If the outer needle 14 moves slowly, the fuel is able to flow at a sufficiently high
rate through the passage 94 to the chamber 92 to ensure that the inner needle 30 remains
seated. However, if the outer needle 14 moves quickly, the fuel pressure within the
chamber 92 will fall as fuel is unable to flow to the chamber 92 at a sufficient rate
to maintain the fuel pressure within the chamber, and the inner needle 30 will lift
away from its seating.
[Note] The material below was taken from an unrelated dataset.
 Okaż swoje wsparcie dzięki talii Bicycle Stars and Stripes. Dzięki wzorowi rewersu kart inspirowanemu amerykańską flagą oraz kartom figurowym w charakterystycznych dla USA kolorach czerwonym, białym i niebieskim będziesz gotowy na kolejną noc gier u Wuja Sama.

During injection, as fuel can continue to flow, at a low rate,
to the chamber 92, the inner needle 30 will gradually move towards its seating.
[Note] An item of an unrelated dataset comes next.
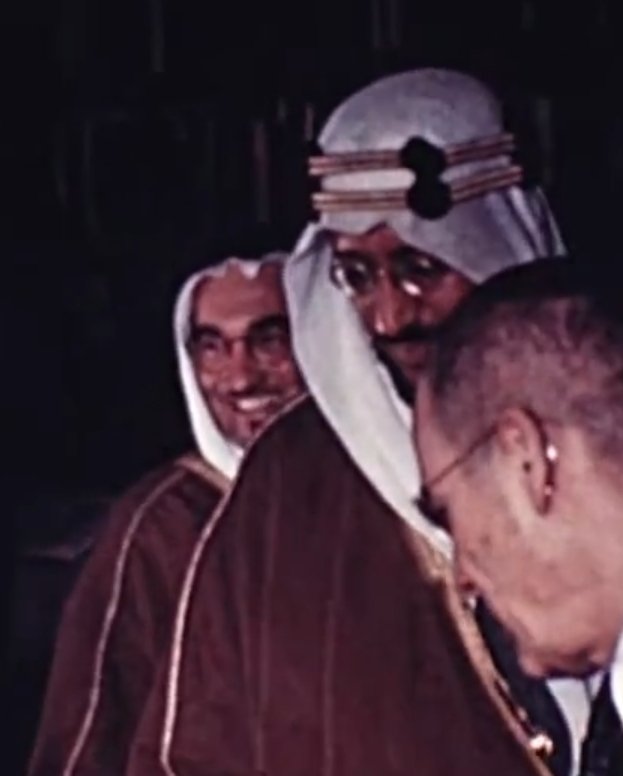 @yousefmulla1 @kingsaud ظهر في الفيديو عدد من الشخصيات التي رافقت الملك سعود في زيارته، منهم:

[0034] As described hereinbefore, the inner needle 30 is provided with a recess 34 such
that the application of fuel under pressure to the chamber 92 causes dilation of the
inner needle 30 to improve the seal between the inner needle 30 and the bore 28, thus
reducing fuel leakage.
1. A fuel injector comprising an outer valve needle (14), an inner valve needle (30)
slidable within a bore (28) formed in the outer valve needle (14), an inner end of
the inner valve needle (30) being located within the bore (28), the inner end of the
inner valve needle (30) being provided with a recess (34) whereby the application
of fuel under pressure to the bore (28) deforms the inner valve needle (30) to form
a substantially fluid tight seal between the inner and outer valve needles (14, 30).
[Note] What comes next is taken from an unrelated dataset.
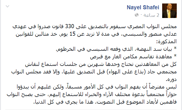 وضرب -عبر منشور له على “فيس بوك”- مثالين للقوانين المذكورة؛ بيان سد النهضة، الذي وقعه السيسي في الخرطوم، ومعاهدة تقاسم مكامن الغاز مع قبرص.
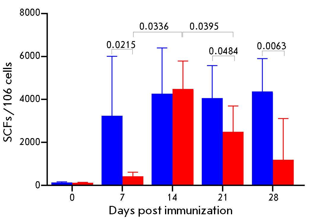 No difference in the dynamics of developing humoral immunity in mice in response to inoculation of VACV LIVP by intradermal injection or skin scarification was revealed

2. A fuel injector as claimed in Claim 1, wherein the inner needle (30) is spring biased
towards a seating.
3. A fuel injector as claimed in Claim 1 or Claim 2, wherein the inner and outer needles
(14, 30) are exposed to the fuel pressure within a common control chamber (46), a
single actuator arrangement being used to control the fuel pressure within the control
chamber (46).
4. A fuel injector as claimed in Claim 3, wherein the actuator arrangement comprises
an electromagnetically actuable valve (68).
5. A fuel injector as claimed in Claim 3, wherein the actuator arrangement comprises
a piezoelectric actuator arranged to control the position occupied by a piston (76)
to control the pressure within the control chamber (46).
6. A fuel injector as claimed in Claim 1, wherein the bore (28) formed in the outer needle
(14) is a blind bore, the blind bore (28) and inner needle (30) together defining
a chamber (92) which communicates through a restricted passage (94) with a source
of fuel under pressure.
7. A fuel injector as claimed in Claim 6, further comprising an actuator arrangement
associated with the outer needle (14) and arranged to control the rate at which the
outer needle (14) is moved in use.
8. A fuel injector comprising an outer valve needle (14) and an inner valve needle (30),
the inner needle (30) being slidable within a bore (28) formed in the outer needle
(14), the inner and outer needles (14, 30) being exposed to the fuel pressure within
a control chamber (46), and a single actuator arrangement controlling the fuel pressure
within the control chamber (46).
9. A fuel injector as claimed in Claim 8, wherein the actuator arrangement comprises
an electromagnetically actuated valve (68).
10. A fuel injector as claimed in Claim 8, wherein the actuator arrangement comprises
a piston (76) arranged to be moved by a piezoelectric actuator.